TASK STATEMENT:
Images should not appear in the copy, yet every line of the listing below must be printed exactly.

DATA SECTION:
──────────

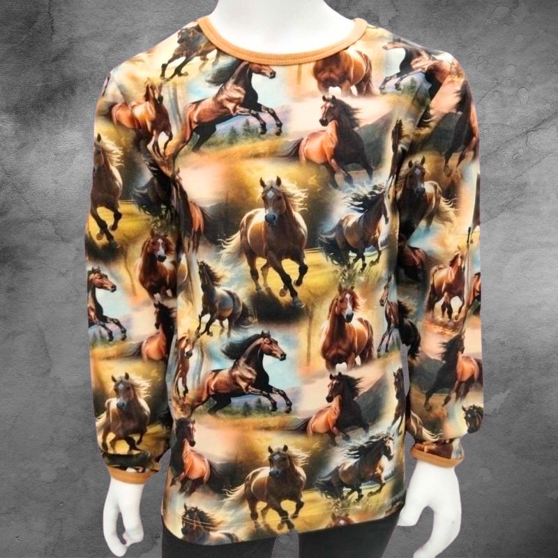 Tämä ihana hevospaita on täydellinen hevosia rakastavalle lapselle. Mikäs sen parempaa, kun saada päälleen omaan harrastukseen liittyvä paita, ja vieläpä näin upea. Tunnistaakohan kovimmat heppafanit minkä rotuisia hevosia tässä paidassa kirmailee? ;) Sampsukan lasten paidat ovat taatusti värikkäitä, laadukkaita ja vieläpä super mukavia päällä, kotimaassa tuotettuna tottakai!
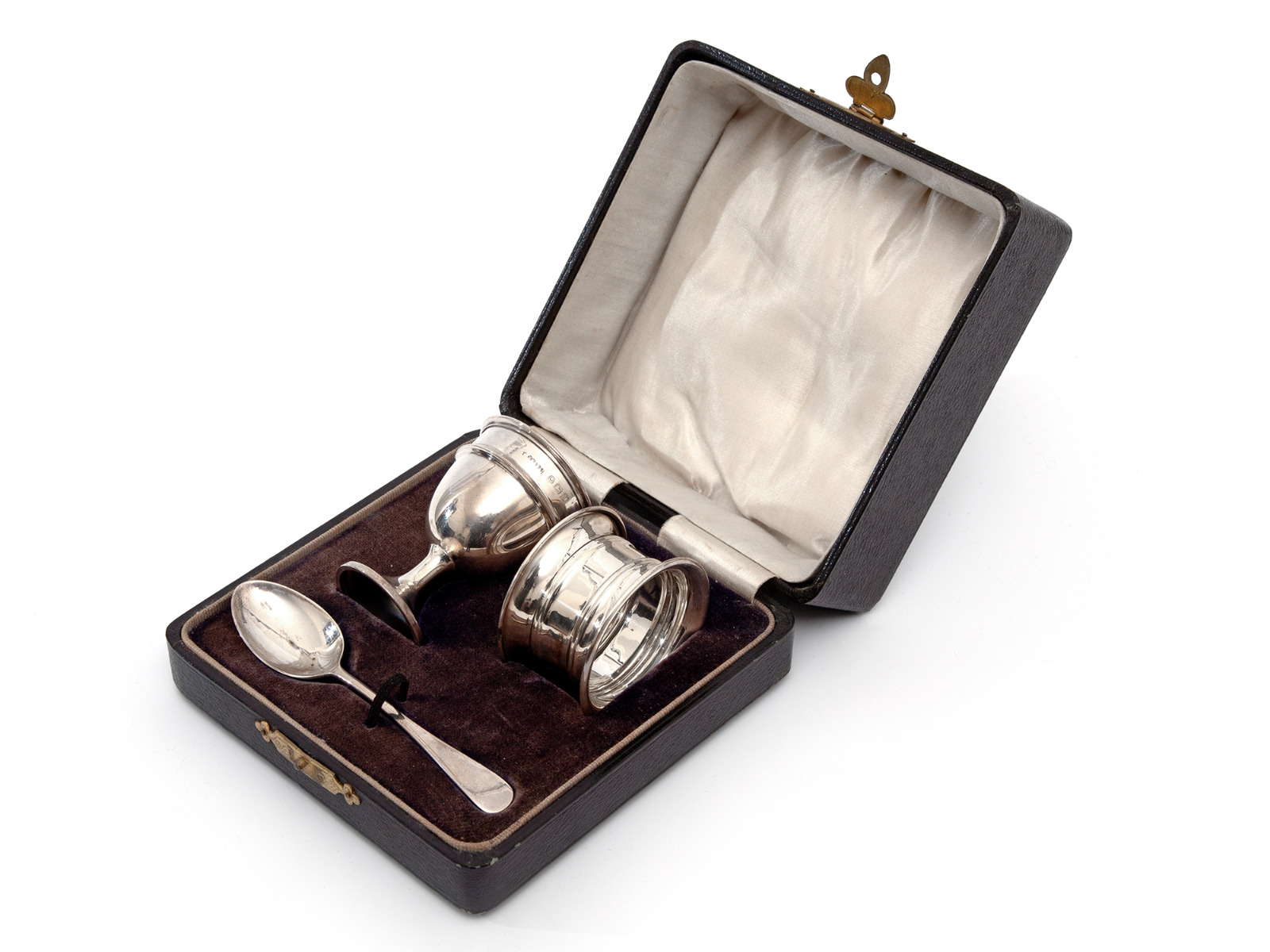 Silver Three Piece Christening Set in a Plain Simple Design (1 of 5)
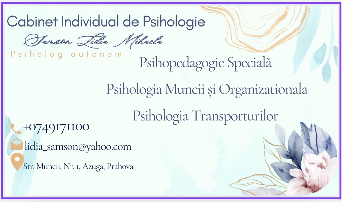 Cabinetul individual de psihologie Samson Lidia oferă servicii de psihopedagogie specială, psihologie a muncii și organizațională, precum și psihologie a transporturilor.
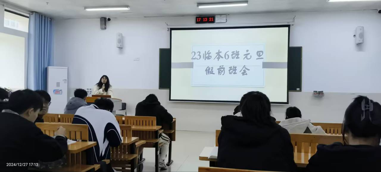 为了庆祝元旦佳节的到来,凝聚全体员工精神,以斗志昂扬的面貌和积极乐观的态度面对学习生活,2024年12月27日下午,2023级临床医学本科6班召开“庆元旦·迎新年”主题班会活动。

──────────

WRITTEN ANSWER:
 Tämä ihana hevospaita on täydellinen hevosia rakastavalle lapselle. Mikäs sen parempaa, kun saada päälleen omaan harrastukseen liittyvä paita, ja vieläpä näin upea. Tunnistaakohan kovimmat heppafanit minkä rotuisia hevosia tässä paidassa kirmailee? ;) Sampsukan lasten paidat ovat taatusti värikkäitä, laadukkaita ja vieläpä super mukavia päällä, kotimaassa tuotettuna tottakai!
 Silver Three Piece Christening Set in a Plain Simple Design (1 of 5)
 Cabinetul individual de psihologie Samson Lidia oferă servicii de psihopedagogie specială, psihologie a muncii și organizațională, precum și psihologie a transporturilor.
 为了庆祝元旦佳节的到来,凝聚全体员工精神,以斗志昂扬的面貌和积极乐观的态度面对学习生活,2024年12月27日下午,2023级临床医学本科6班召开“庆元旦·迎新年”主题班会活动。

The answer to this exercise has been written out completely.